Closed liyinshubyte closed 3 months ago
Yes, that's another thing we need to work on. Ideally we would just point the write data at the original buffer.
And at some point, we need to support a vector of buffers (the FSAL I/O code hand;es vectors).
@ffilz Thanks, I will work on it.
We're going to prioritize working on this for V6, have you done anything with it?
@ffilz sorry, I still have no available time on this, you can continue to work on this.
There are also extraneous data copies in the READ path.

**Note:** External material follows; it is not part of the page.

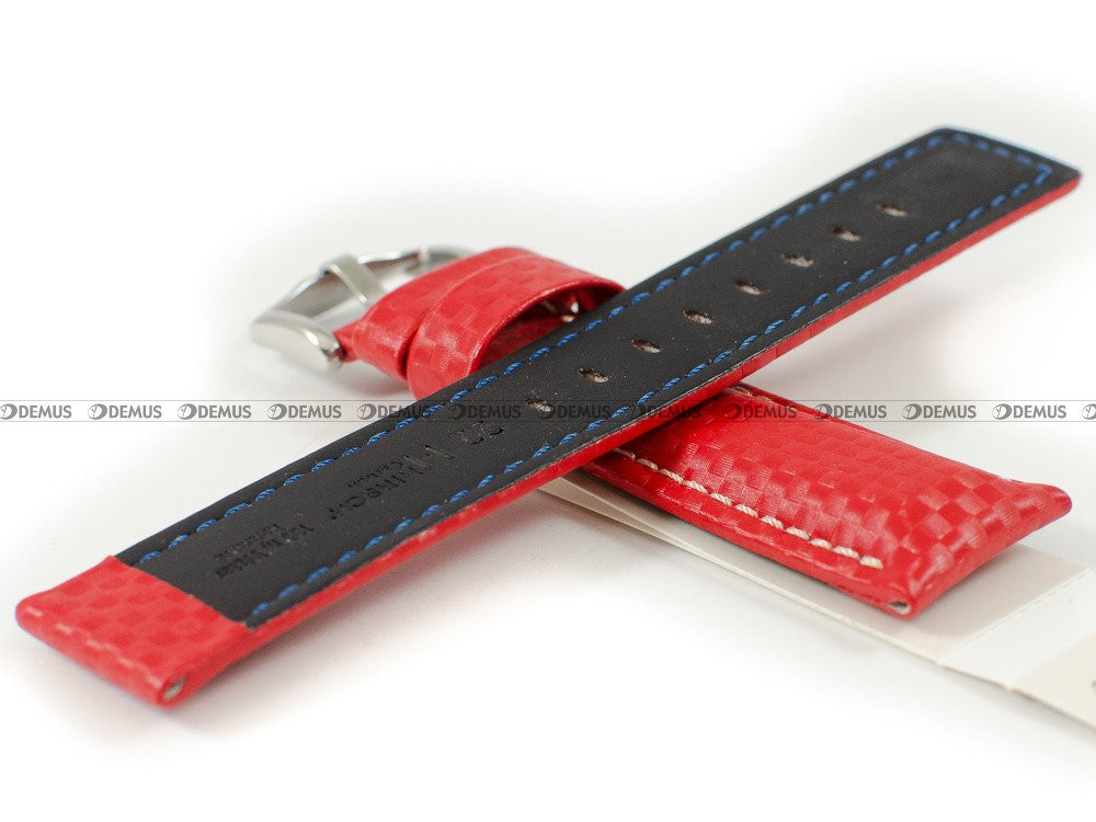 Skórzany pasek do zegarka Hirsch 02592020-2-22, 22 mm, Czerwony

For the READ path, we could re-structure the READ response to allow incorporating buffers passed from the back end filesystem. Doing so would require care that the buffers not be modified (which means a data copy WOULD become necessary if we are doing krb5p since we can't then encrypt in place). But the solution should make it clear if the buffer passed to RPC can be modified or not, so krb5p only copies if the buffer is read-only. Ultimately, the XDR encoded response would become an iov that includes the back end filesystem buffer for the READ data.
One the WRITE side, we will get the request into an iov and should decode that into filling in the request structure but creating an iov that maps the WRITE data chunks from the original iov the request was received by RPC into. Then these buffers should be passed all the way to the back end filesystem as an iov and preferably no copy done on the way there.
The one challenge is that if the physical I/O on either end requires using hardware buffers, we might have to do data copies and it may be tricky and undesirable to allow Ganesha to "own" the hardware buffers during processing. But outside copy to/from hardware buffers we should be able to eliminate any other data copies outside a need to copy for encryption (fortunately we already are structured such that integrity with krb5i does not require a copy, we checksum in place and put the checksum in a separate buffer in the iov).
Closing as done with 6.0 release.
When I use ganesha to write data, if the backend write slowly, ganesha will exhaust the thread number, and memory will be high which main come from the write data. For example, if max thread number is 10000, each write request has 1MB data, the write data memory is 10GB when all thread is busy. But I find the memory of write data is more than 20GB.
The reason is there are two copy memory of write data, the first comes from: svc_rqst_xprt_task_recv->svc_vc_recv->xdr_ioq_uv_create->gsh_malloc, the second comes from: svc_rqst_xprt_task_recv->svc_request->nfs_rpc_process_request->xdr_COMPOUND4args->xdr_array_decode->xdr_nfs_argop4->xdr_WRITE_SAME4args->xdr_bytes_decode->gsh_malloc. The two copy memory will be freed when finish compound, but I think the first copy memory could be freed when finish xdr_bytes_decode, then we will save about 10GB memory if the write request is slow.